There’s nothing better than warming up a cup of soup on a crisp autumn day (even if those days are few and far between in Central Florida). Available seasonally at Sunshine Seasons in the Land pavilion at Epcot, this delicious Pumpkin Soup is vegan and gluten-friendly too!
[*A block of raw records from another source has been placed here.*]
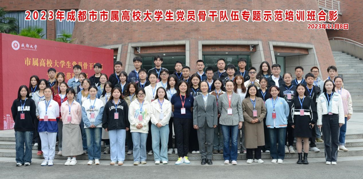 为深入学习贯彻习近平新时代中国特色社会主义思想和习近平总书记关于青年工作的系列论述,优化提升高校基层党建工作,全面加强青年学生党员骨干队伍建设,切实培养一批信念过硬、政治过硬、素质过硬的新时代德才兼备、可堪大用的大学生党员骨干,由成都市教育局主办、成都大学承办的“市属高校大学生党员骨干队伍专题示范培训班”于2023年11月8日——10日在成都大学1306多功能教室胜利召开。来自成都市属高校的50名党员骨干如期报到并进行为期3天的理论和实践学习。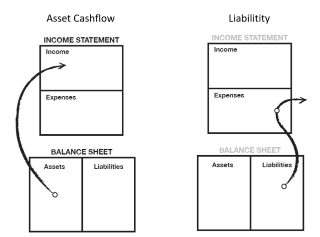 It all comes down to how much assets you have versus liabilities. Robert Kiyosaki’s concept of assets and liabilities differs from conventional definitions. Anything that puts money into your pocket is an asset and anything that takes money from you is a liability. See the diagram and video below. A car that you purchased would be considered an asset in conventional finance. However, if we look at it based on Robert Kiyosaki’s definition, the car would only be an asset if it was rented out and you received income from it. If the car was purchased for regular commuting and we had to pay for gas and maintenance, money is “flowing” out from our pockets and should be considered a liability (Kiyosaki, Rich Dad Poor Dad, 2011, p. 46).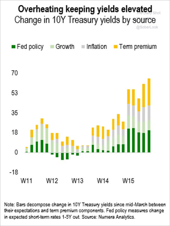 Viewing the story from this angle, the other bars make sense. The Federal Reserve is likely to keep rates on hold and may even raise interest rates. Growth, as mentioned, appears to be a contributing factor. And inflation (as we've also mentioned) seems to be contributing to this uptick in yield as well. These four factors – Federal Reserve policy, growth, inflation and term premium – all seem to contribute to the 10-year US Treasury yield and are all intertwined. That’s what is propping up the 10-year US Treasury yield right now.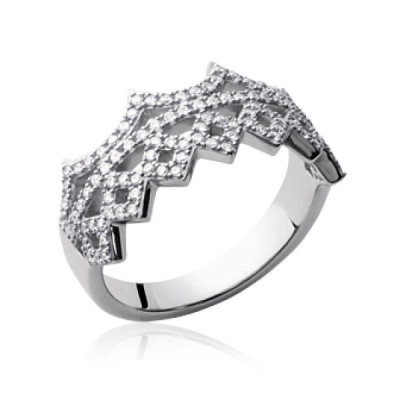 Bague couronne large femme - argent massif 925 rhodié - oxyde de zirconium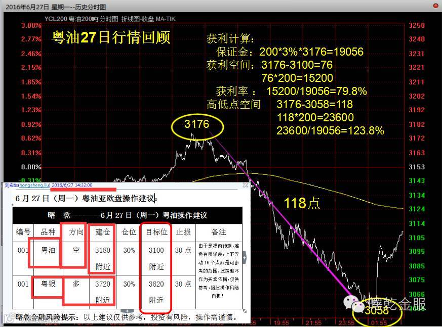 受英国退欧影响,行情 继续延续了周五的走势,虽有所反弹,但最终还是以高空的行情走势出现,价格跌至最低点为3056,跌破前期低点3081点位,收盘于3100附近,形成了一跟小阴十字星形态。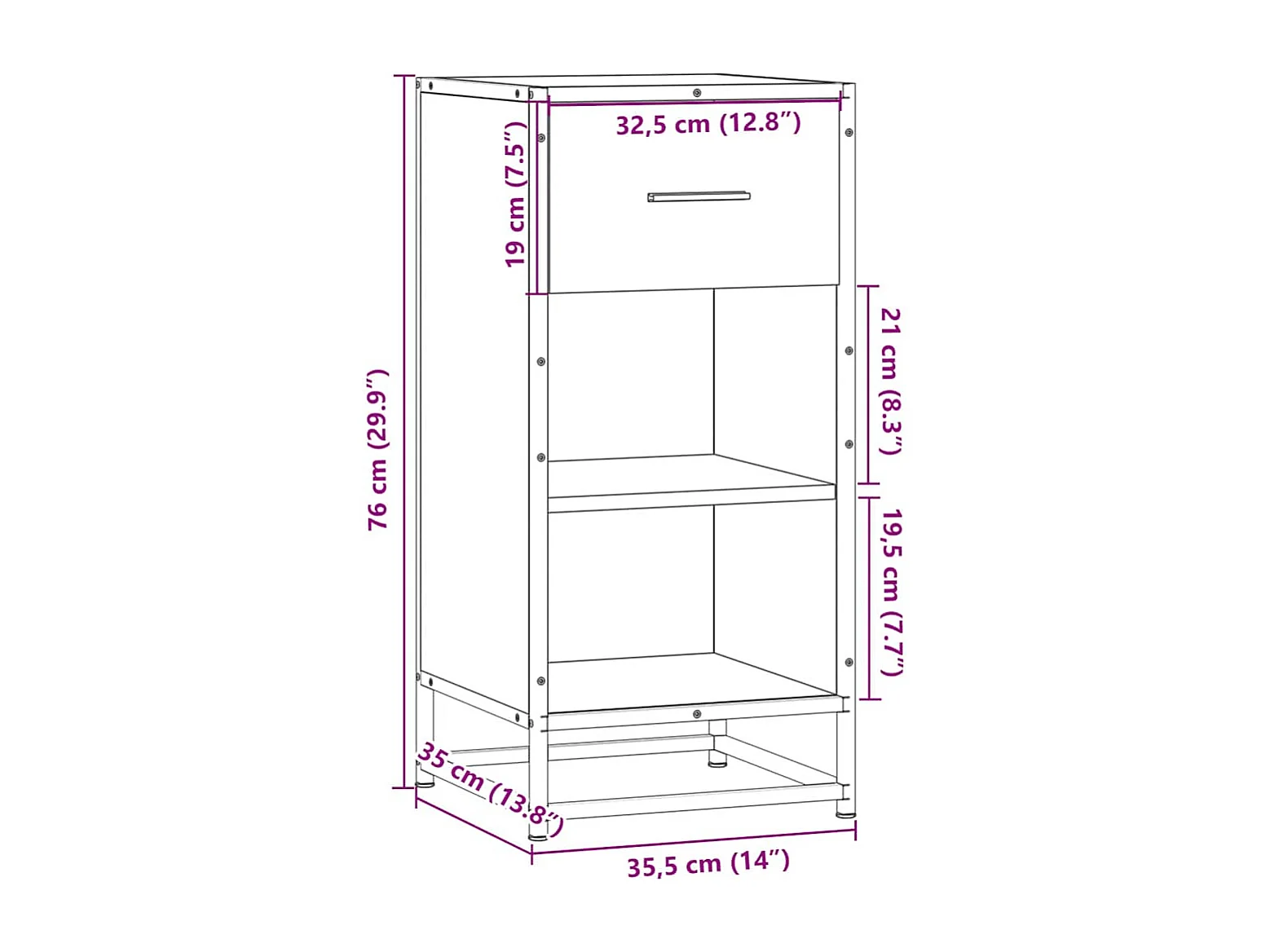 Buffet sonoma gris 35,5x35x76 cm bois d'ingénierie et métal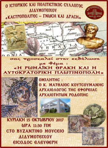 Ο Ιστορικός και Πολιτιστικός Σύλλογος Διδυμοτείχου «ΚΑΣΤΡΟΠΟΛΙΤΕΣ – Γνώση και Δράση», σας προσκαλεί στην εκδήλωση με θέμα: «Η Ρωμαϊκή Θράκη και η Αυτοκρατορική Πλωτινόπολη».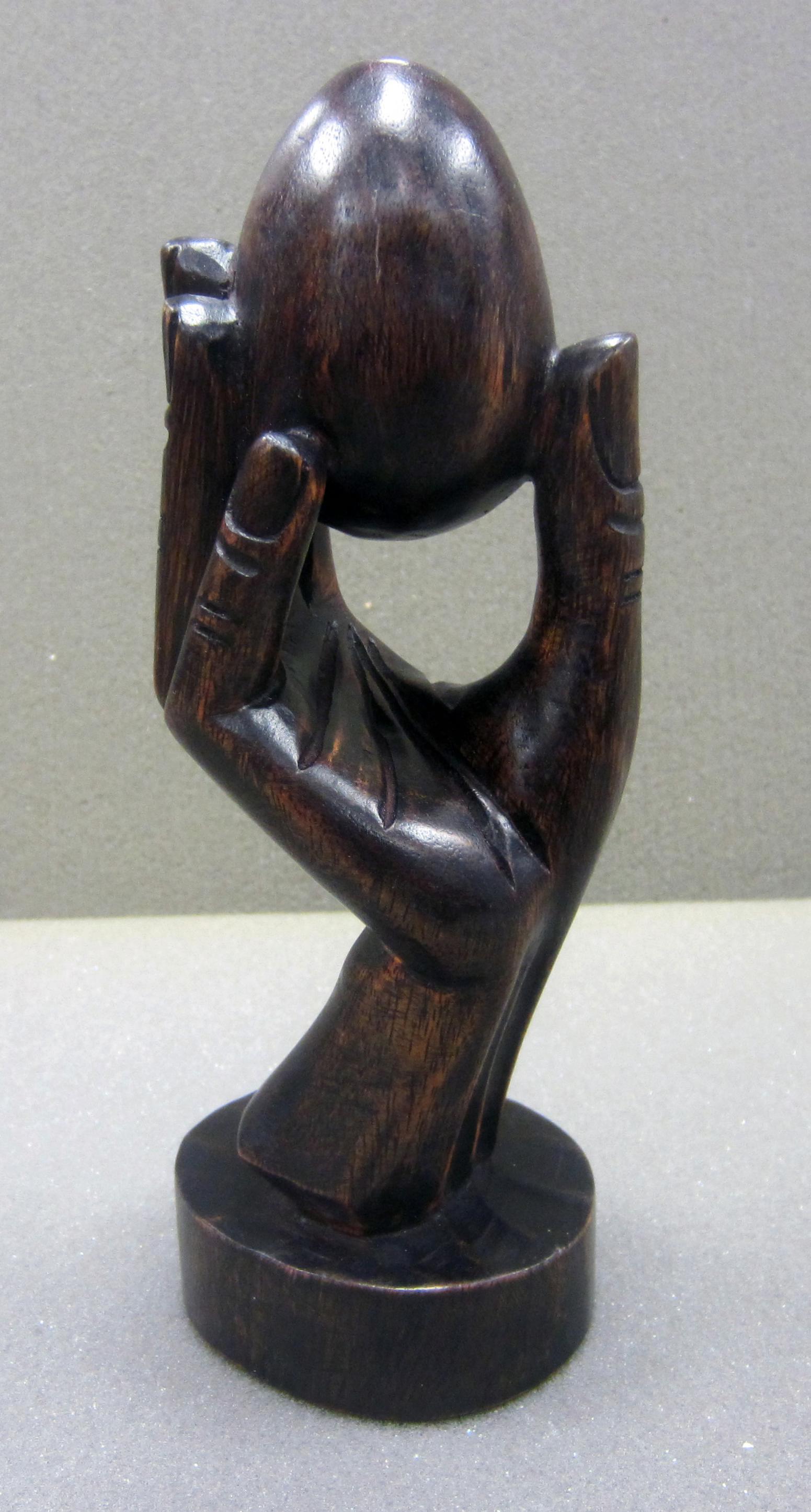 Carved, wooden sculpture of a hand holding an egg-like object. There is carved texture in the palm of the hand, as well as the finger nails and knuckles.12cmX7cm.

An easy recipe that is sure to impress, this soup makes a great side dish, or serve it with salad or a hearty piece of crusty bread as a main course.

Serves 6-8

2 tablespoons olive oil
1 small white onion, diced
1 cup diced butternut squash (skin and seeds removed)
3 cups canned pumpkin (approximately 1½ 15 ounce cans)
1 tablespoon light agave syrup
2 cups water
¼ cup apple juice concentrate
2 teaspoons vegetable bouillon
½ teaspoon curry powder
1 teaspoon coarse salt
½ teaspoon white pepper
½ teaspoon cinnamon
1 cup coconut milk

  1. Heat olive oil in large pot over medium high heat. Add onion and butternut squash and sauté for 8 to 10 minutes or until tender.
  2. Add remaining ingredients. Stir to combine and bring just to a boil.
  3. Reduce to medium low heat. Simmer for 30-45 minutes until completely cooked and tender. Stir occasionally.
  4. Transfer soup to a blender and puree until smooth.